Statistical analyses were performed using GraphPad Prism Version 8 (GraphPad Software LLC).

To assist in the demarcation of the timing of overall population responses separately for 1^st (+) and 1^st (-) responses we performed a boxcar analysis on the average normalized Z-score in 50 ms bins using one-sample t-tests to determine deviation from baseline (Z = 0), over the period – 2 to + 1.5 s (n = 71 bins), with overall alpha = 0.05. Bonferroni correction for multiple comparisons (p = alpha/n) yielded p = 0.0007 to reject the null hypothesis. We therefore set p = 0.0001 as a conservative threshold to define a significant population-level response. To mark the onset and offset times for such responses we used the time at which p values crossed 0.001 before and after reaching the threshold. To test whether the timing of onset of the population (+) and (-) response components might differ, we performed a two-factor repeated measures ANOVA for individual neuron’s original (unsmoothed) PETH bin data for the factors RESPONSE TYPE (+, -) and TIME (71 time points from -2 to 1.5 s). To account for variation in baseline firing rate between neurons, data were normalised by calculating Z-score values for each PETH bin as the difference between the bin firing rate and the mean baseline rate (-2 to -1.5 s), divided by the standard deviation of the baseline rate. For 1^st (-) neurons Z-score values were inverted so that the analysis focussed on each group’s deviation from 0, rather than the sign of the response. Sphericity was not assumed, with Geisser-Greenhouse correction as required.

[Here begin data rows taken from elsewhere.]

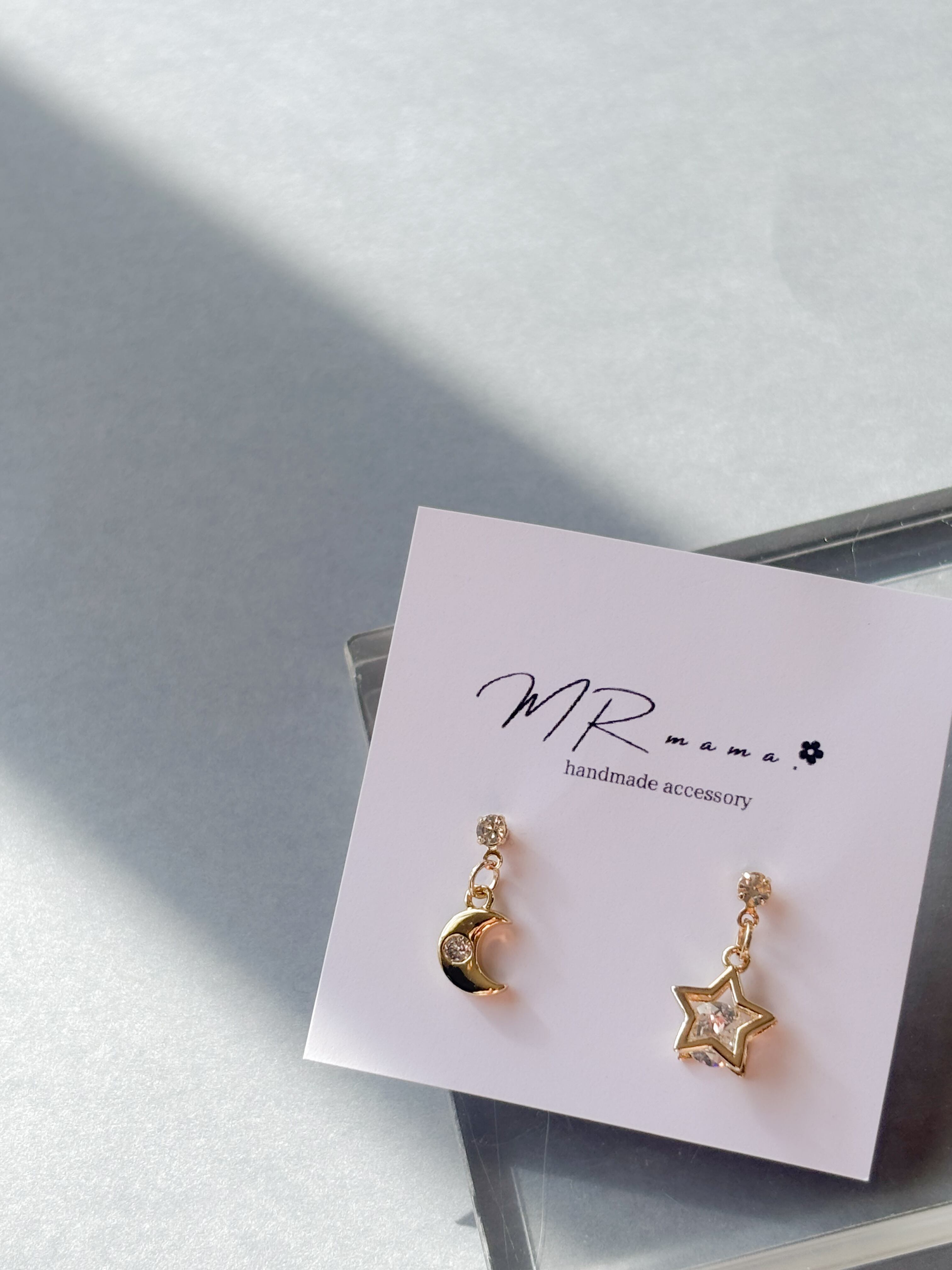月と星 ビジュー アシンメトリー チタンピアス / イヤリング
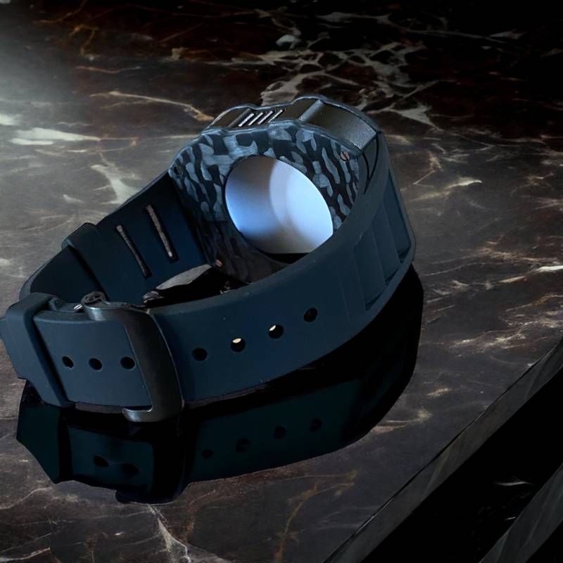 透明感のあるポリカーボネート製スケルトンカバーと、上質なフッ素ラバーベルトを組み合わせたApple Watch用セット。
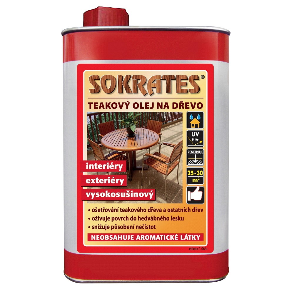 Vynikající prostředek k čistění a ošetřování zahradního nábytku a jiných výrobků z teakového dřeva, akátu, meranti nebo podobných dřev. Teakový olej Sokrates pochází od holandského výrobce přírodních napouštěcích olejů.
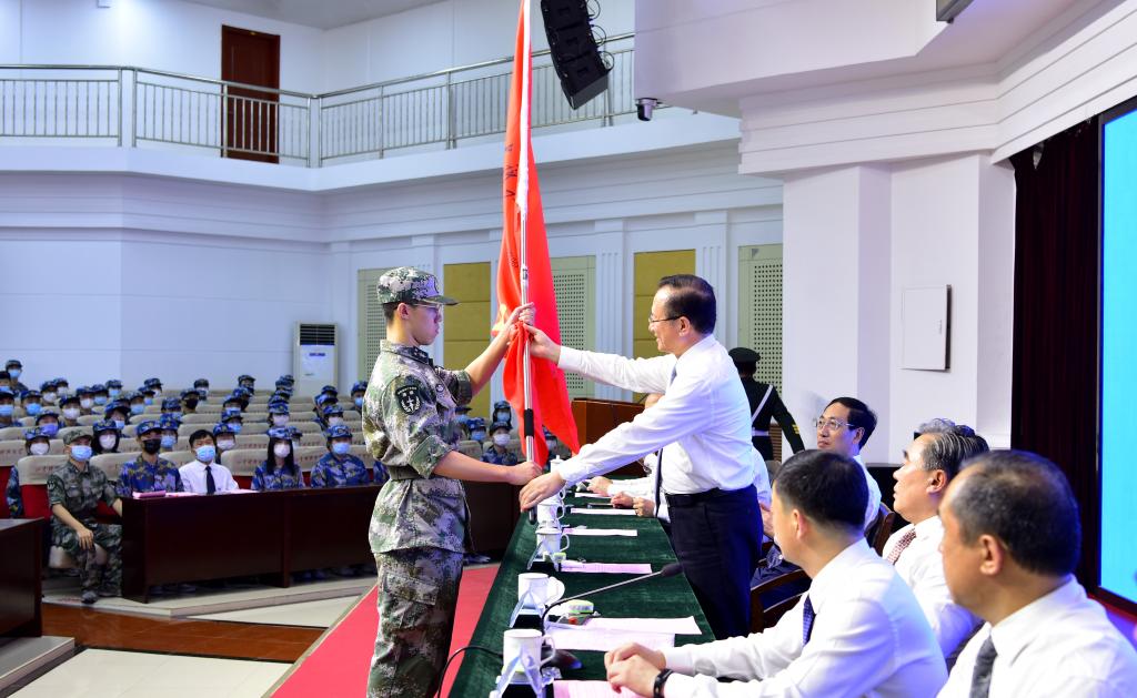 典礼在雄壮的国歌声中拉开帷幕。校党委书记罗公利向军训团授旗。
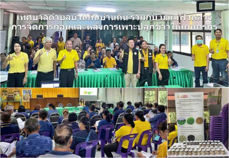 พ.ต.ท.ธงชัย เนื่องพืช นายกเทศมนตรีตำบลบ้านถิ่น พร้อมด้วยคณะผู้บริหารฯ สมาชิกสภาฯ เทศบาลตำบลบ้านถิ่นเปิดการอบรมให้ความรู้ การจัดการก่อนและหลังการเพาะปลูกข้าวให้เกษตรกร” ในโครงการการใช้เทคโนโลยีและนวัตกรรมเพื่อพัฒนาและเพิ่มมูลค่าตลอดโซ่คุณค่าของข้าวในพื้นที่ภาคเหนือตอนบน” โดยมีเจ้าหน้าที่จากมหาวิทยาลัยแม่ฟ้าหลวง เป็นผู้รับผิดชอบดำเนินการจัดกิจกรรม
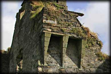 Coppinger's Court Fortified House This impressive multi-sided three storey ruined stronghold was built in the fertile Ballyvirine valley west of Rosscarbery by Sir Walter Coppinger shortly before 1616. The house is rectangular in plan, with two wings projecting from the eastern wall and another centrally aligned wing from the western wall, creating a total of 9 gables. The walls are wondrously filled with large windows, some at the highest levels still containing mullions and hood moulding.
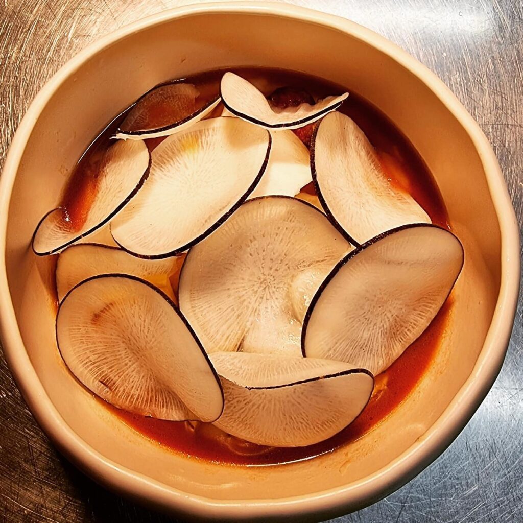 Ce a rămas este fix asta: dorința de a deveni un loc de întâlnire pentru localnicii și turiștii care apreciază și înțeleg gastronomia dincolo de a-și potoli foamea cu „ceva, orice”. A rămas încăpățânarea de a oferi preparate culinare din ingrediente cu gust deplin, a căror sursă este una de încredere și cu o trasabilitate ușor de verificat. Iar meniul se schimbă frecvent, în funcție de sezonalitate. Au și o băcănie în restaurant, deci poți pleca c-o traistă plină și după ce-ai mâncat bine la ei în locație.
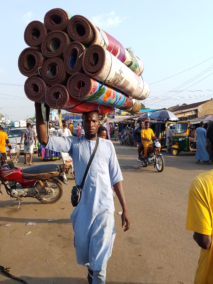 A man in a light blue tunic carries a large stack of rolled mats on his head, walking on a paved road. The background shows a busy street scene with pedestrians, motorcycles, and vehicles. A red motorcycle is parked to the left, and various market stalls or shops line the street. The sky is visible in the background, suggesting it's daytime.
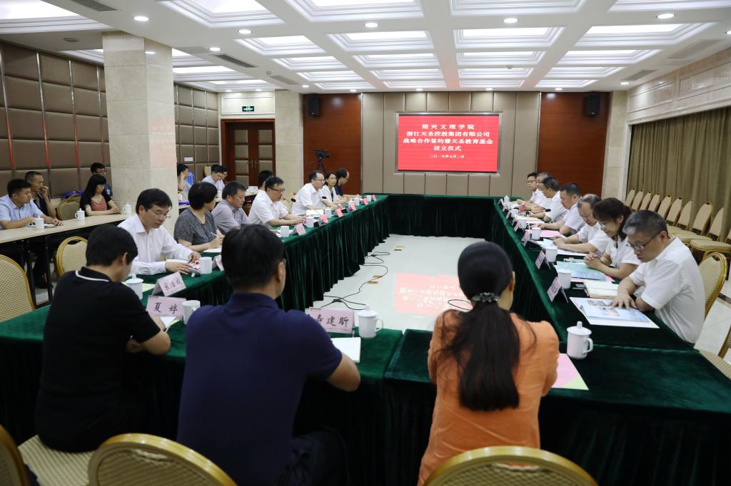 7月2日,我校与浙江天圣控股集团有限公司战略合作签约暨天圣教育基金设立仪式在铁城科教馆一楼会议室举行。天圣集团董事长孙永根、常务副总经理金国庆,校党委书记汪俊昌,校长王建力,党委副书记沈赤,副校长张宏,学校相关职能部处、二级学院负责人和天圣集团相关部门负责人出席仪式。张宏主持仪式。
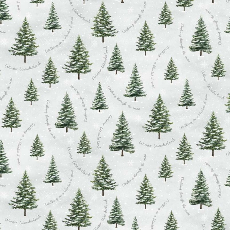 Trees with Winter Scripts from the Winter Wonderland collection by Katie Hennagir for Timeless Treasures beautifully captures the charm of a snowy Christmas day. This serene print features snow-capped evergreen trees surrounded by delicate scripted festive phrases such as “Winter Wonderland,” “Dashing through the snow,” and “Walking on a blanket of snow.” The soft, snowy background enhances the calm and magical atmosphere of the design.
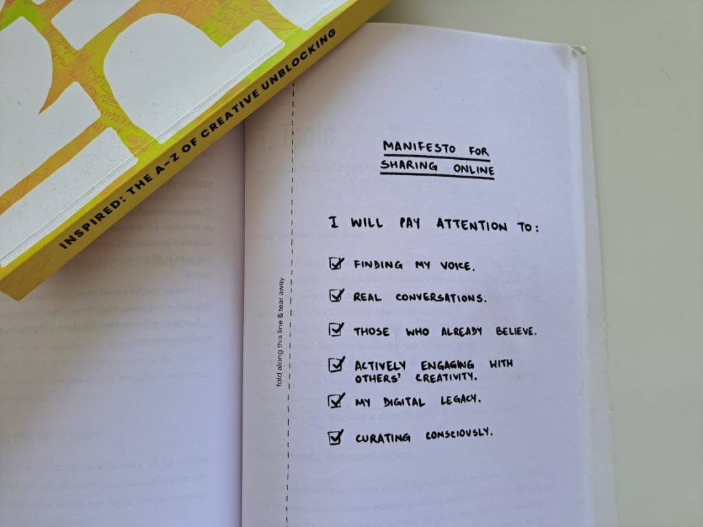 My social media sabbatical comes many months after I’d published my “Manifesto for Sharing Online” in my book Inspired: The A-Z of Creative Unblocking. This manifesto was detailed out in the chapter on social media and was aimed at reducing the frustration that comes with being a content-creator (no matter how small your audience may be).
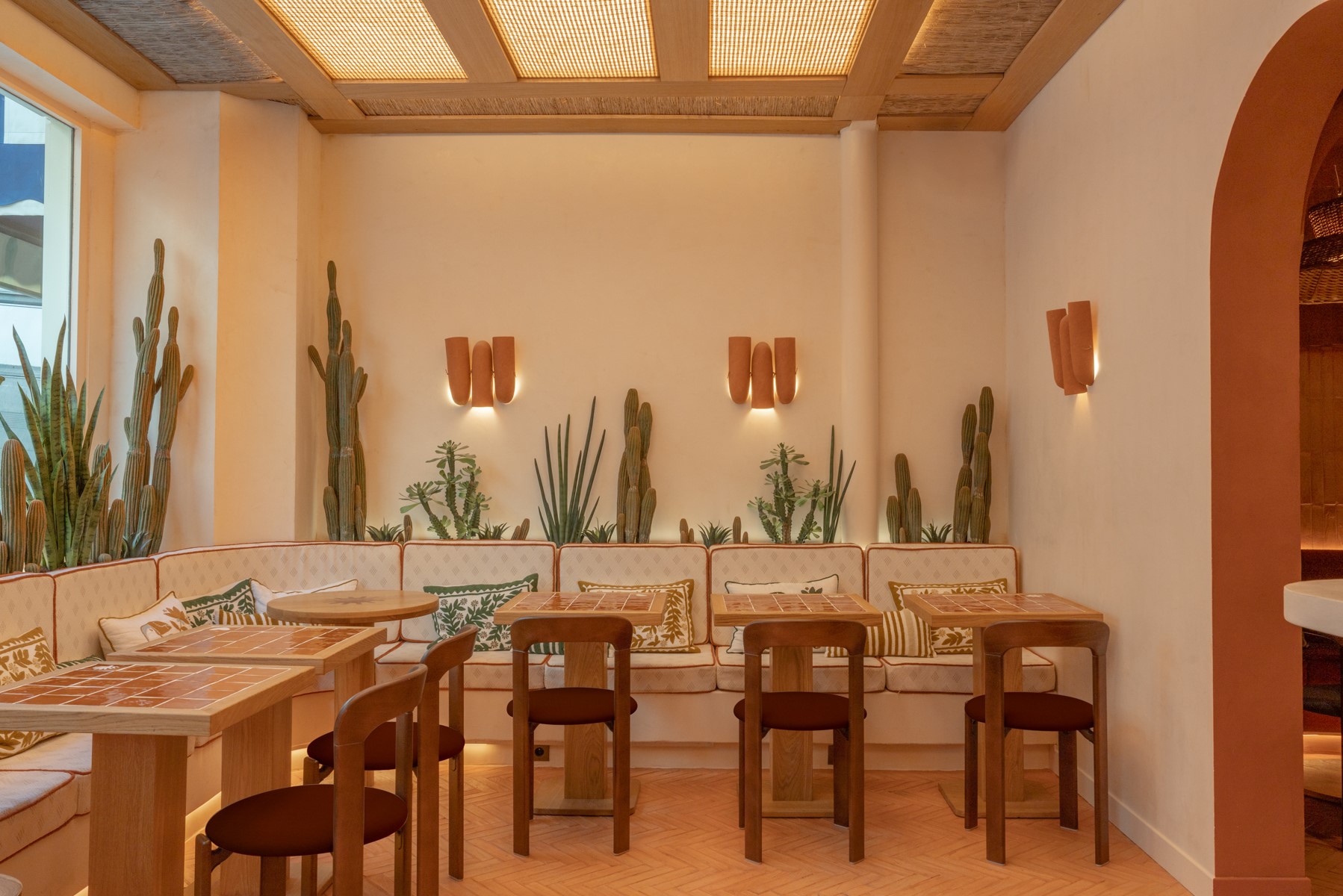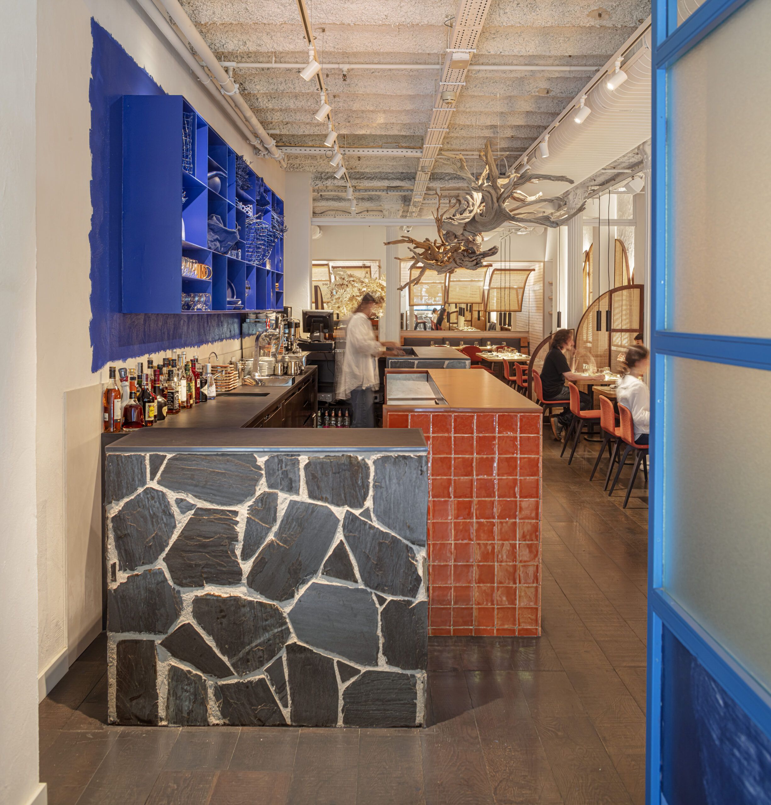 Le restaurant Compartir a ouvert en 2022 dans le quartier d’Eixample, à Barcelone. Au sein d’un bâtiment du début du XXe siècle, avec piliers intérieurs en fonte, El Equipo Creativo, agence de décoration intérieure, signe un projet rendant hommage au village de Cadaqués. Village le plus oriental de la Costa Brava, Cadaqués est l’un des plus pittoresques d’Espagne, où ont vécu longtemps Salvador Dali et son épouse Gala. C’est aussi le village où les propriétaires de Compartir ont ouvert leur premier restaurant, duquel ils sont partis et qu’ils veulent rappeler.

To objectively quantify the instantaneous frequency of regular repeated peaks in PETH and autocorrelation histograms we used the Fit Data function in Spike2 v7 to fit a sinusoid function to ranges of data that were initially visually selected as potentially containing oscillatory activity. The least-square fitting function minimised the sum of squares of the errors between the data and the fitted curve, and the Spike2 algorithm calculated an estimate of the probability that a minimum sum of squares of errors of at least this size would occur (Spike2 for Windows Manual v7, 2017).